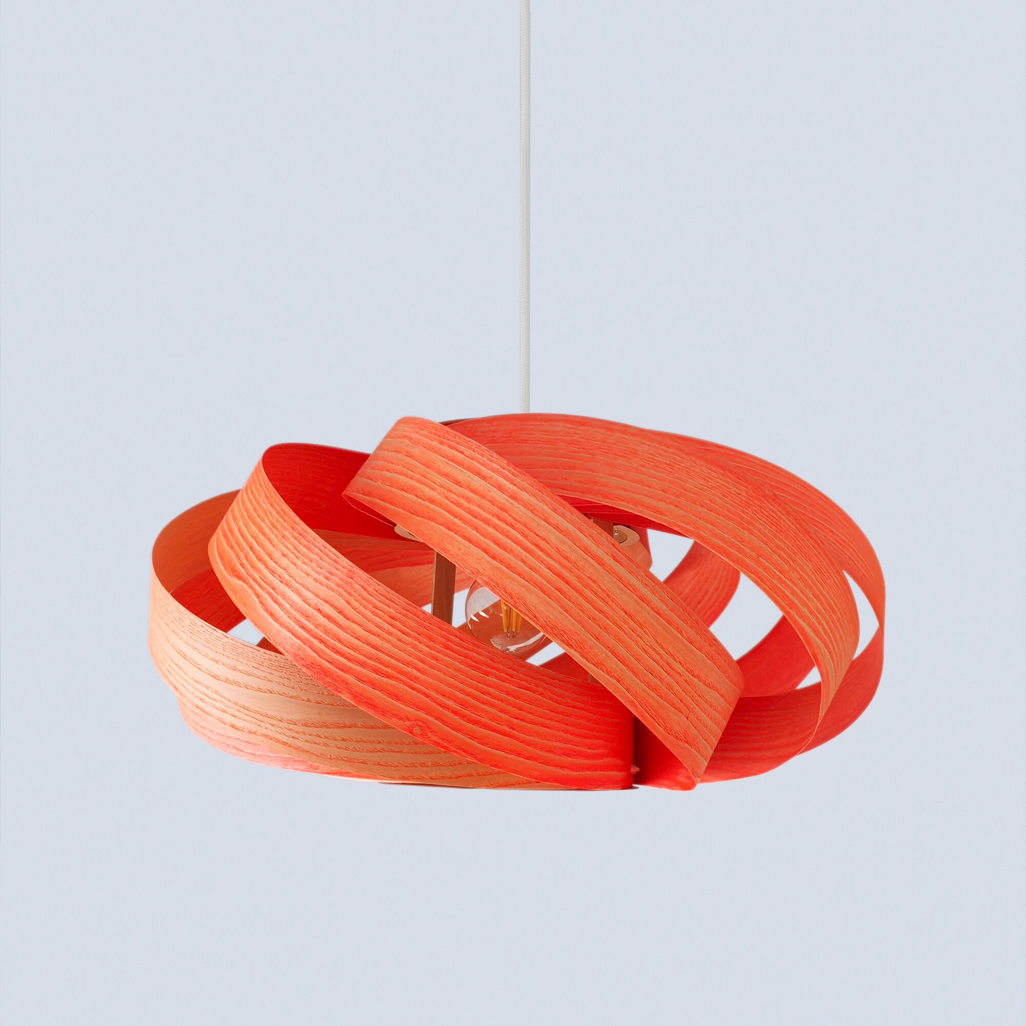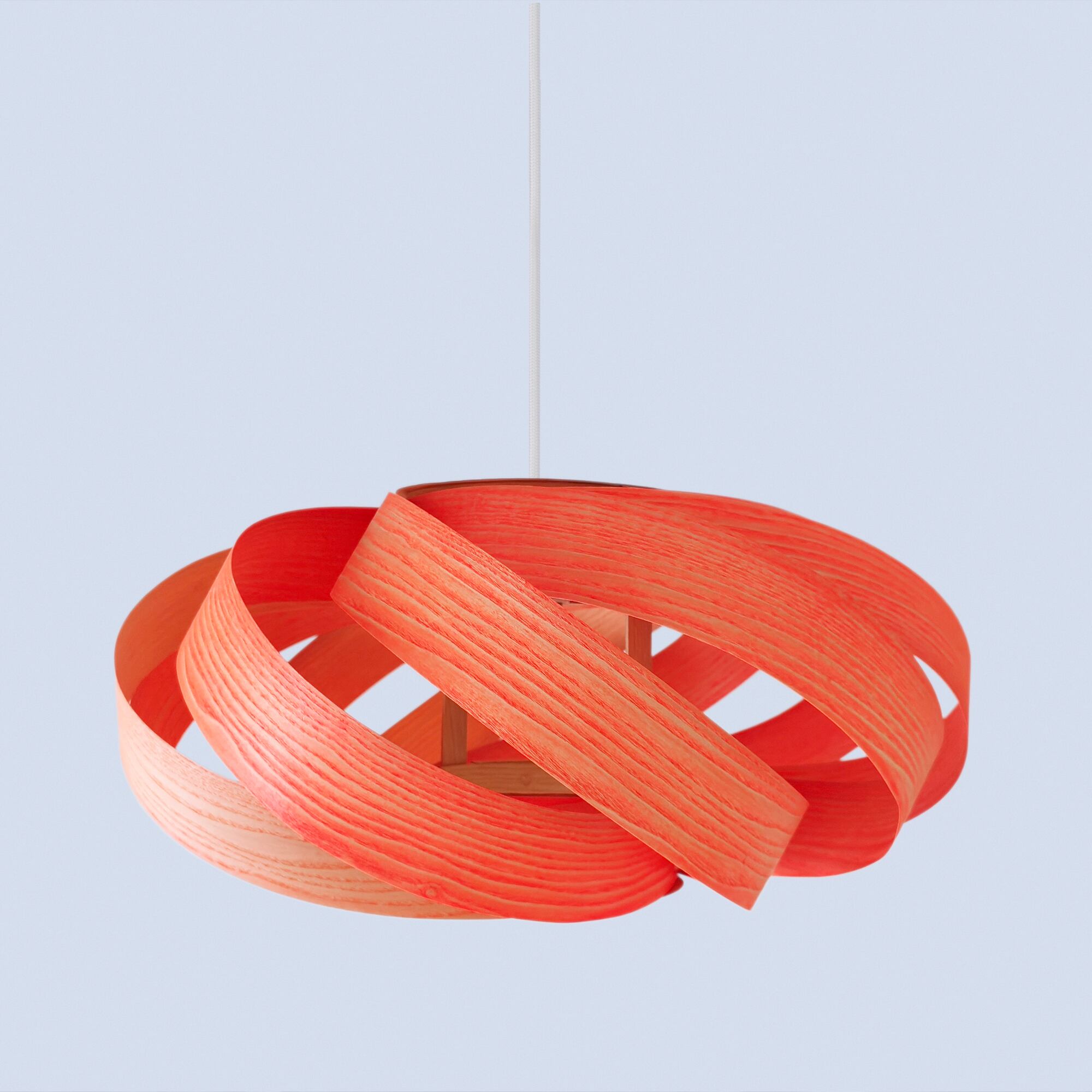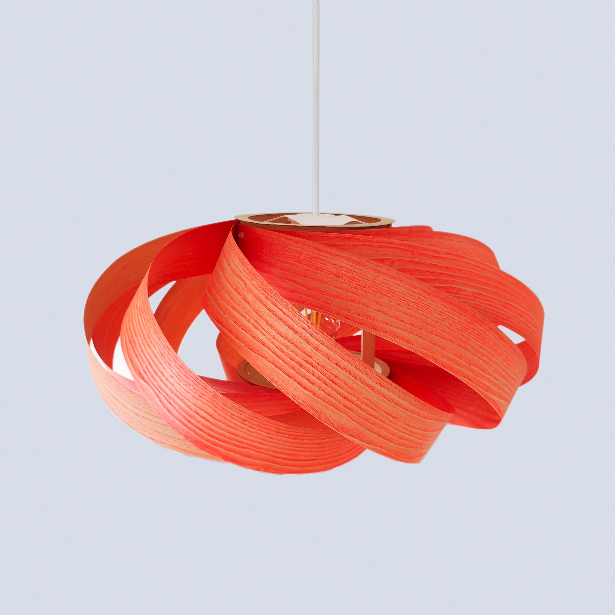 このランプは無垢材から使用されたツキ板であり、自然の美しさと個性を生かしたデザインとなっています。木目や質感の特性上、一部のツキ板にはわずかな曲がりの違いが見られることがあります。これらの違いは欠陥ではなく、天然素材ならではの特徴であり、すべてのランプが唯一無二の作品となる証です。この製品は組み立てられた状態で販売されます。
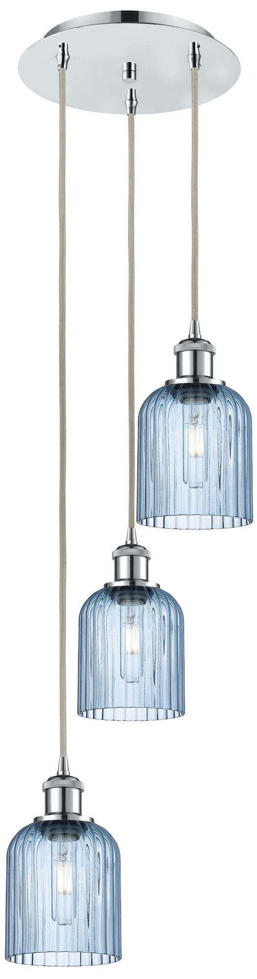Ballston Bridal Veil 3 Light 12" Cord Hung Multi Pendant Chrome/Blue Shade
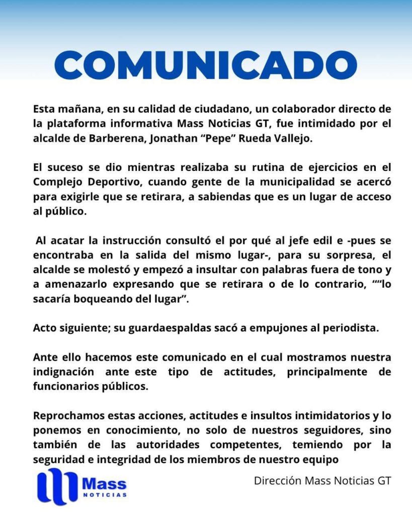 Denuncian intimidación del alcalde Municipal de Barberena Santa Rosa Jonathan “Pepe” Rueda Vallejo a colaborar de la plataforma digital Mass Noticias GT así lo dieron a conocer en un comunicado de prensa
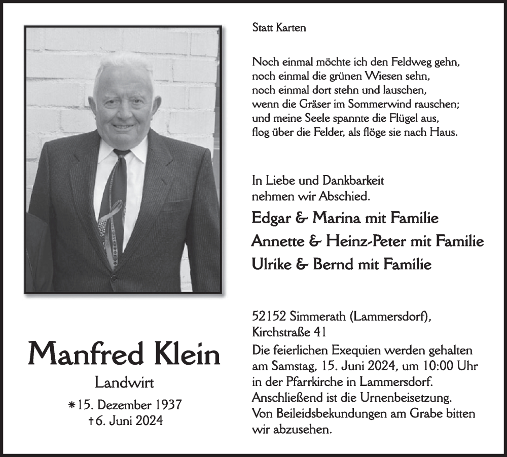 Hier finden Sie alle Traueranzeigen aus der Zeitung, die bisher für Manfred Klein erschienen sind. Weitere Traueranzeigen, die in der Zeitung erscheinen, werden hier ebenfalls aufgelistet
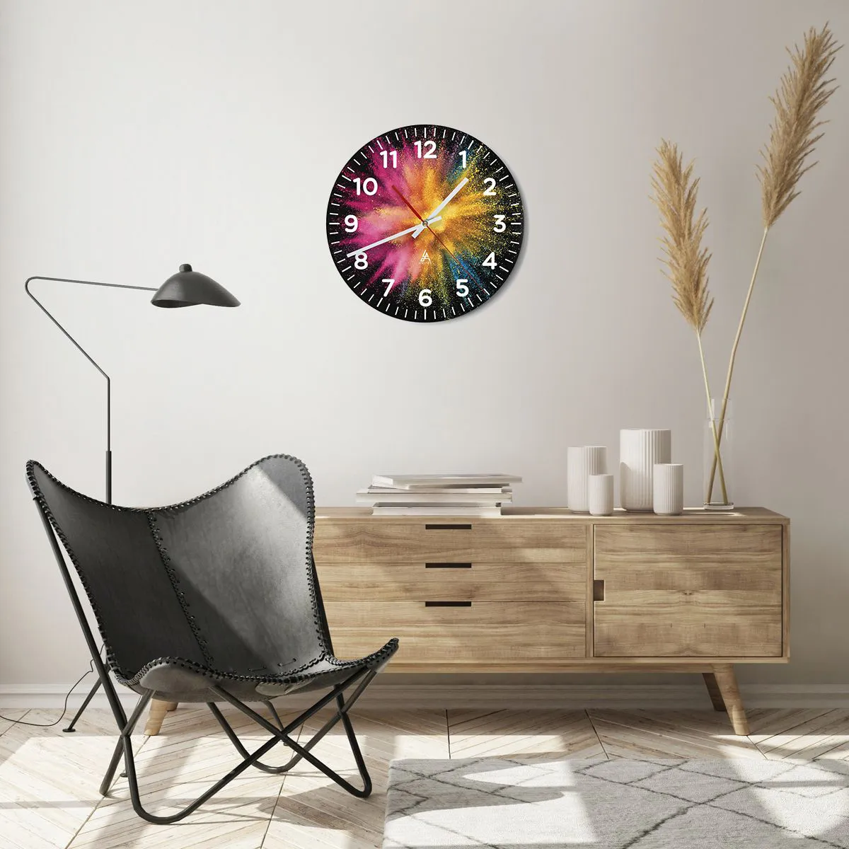 Die Uhr besteht aus robustem 4 mm dickem Glas. Glas bewahrt die natürlichen Farben des Drucks
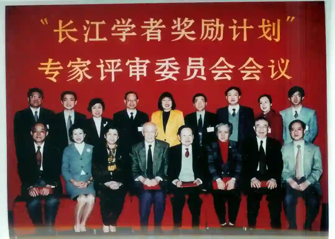 教育部“长江学者奖励计划”评审会(1998),前排右起:韩啓德、张存浩、韦钰、杨振宁、朱光亚、陈至立、周凯旋、孙枢。
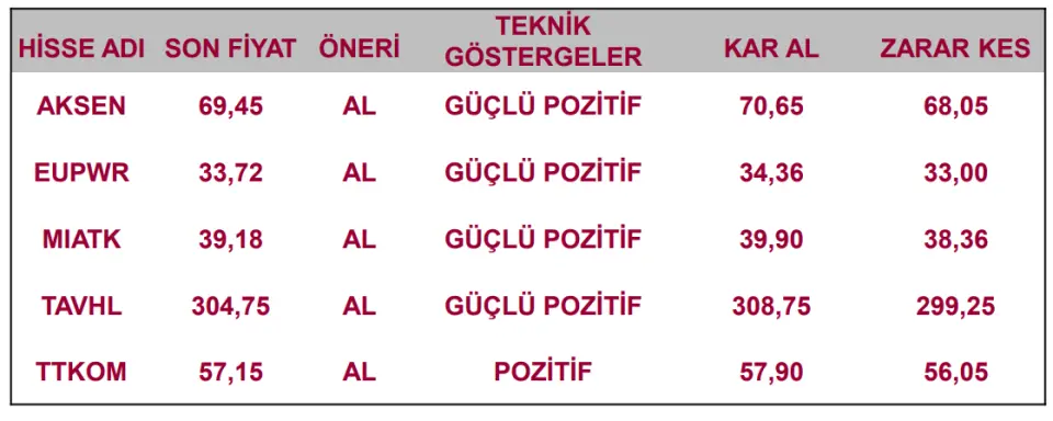İlgili öneri listesinde toplam 5 hisse yer aldı:- AKSEN
───
Activity: What you return must match the records above exactly, minus any images.

Answer to this problem:
 このランプは無垢材から使用されたツキ板であり、自然の美しさと個性を生かしたデザインとなっています。木目や質感の特性上、一部のツキ板にはわずかな曲がりの違いが見られることがあります。これらの違いは欠陥ではなく、天然素材ならではの特徴であり、すべてのランプが唯一無二の作品となる証です。この製品は組み立てられた状態で販売されます。
Ballston Bridal Veil 3 Light 12" Cord Hung Multi Pendant Chrome/Blue Shade
 Denuncian intimidación del alcalde Municipal de Barberena Santa Rosa Jonathan “Pepe” Rueda Vallejo a colaborar de la plataforma digital Mass Noticias GT así lo dieron a conocer en un comunicado de prensa
 Hier finden Sie alle Traueranzeigen aus der Zeitung, die bisher für Manfred Klein erschienen sind. Weitere Traueranzeigen, die in der Zeitung erscheinen, werden hier ebenfalls aufgelistet
 Die Uhr besteht aus robustem 4 mm dickem Glas. Glas bewahrt die natürlichen Farben des Drucks
 教育部“长江学者奖励计划”评审会(1998),前排右起:韩啓德、张存浩、韦钰、杨振宁、朱光亚、陈至立、周凯旋、孙枢。
İlgili öneri listesinde toplam 5 hisse yer aldı:- AKSEN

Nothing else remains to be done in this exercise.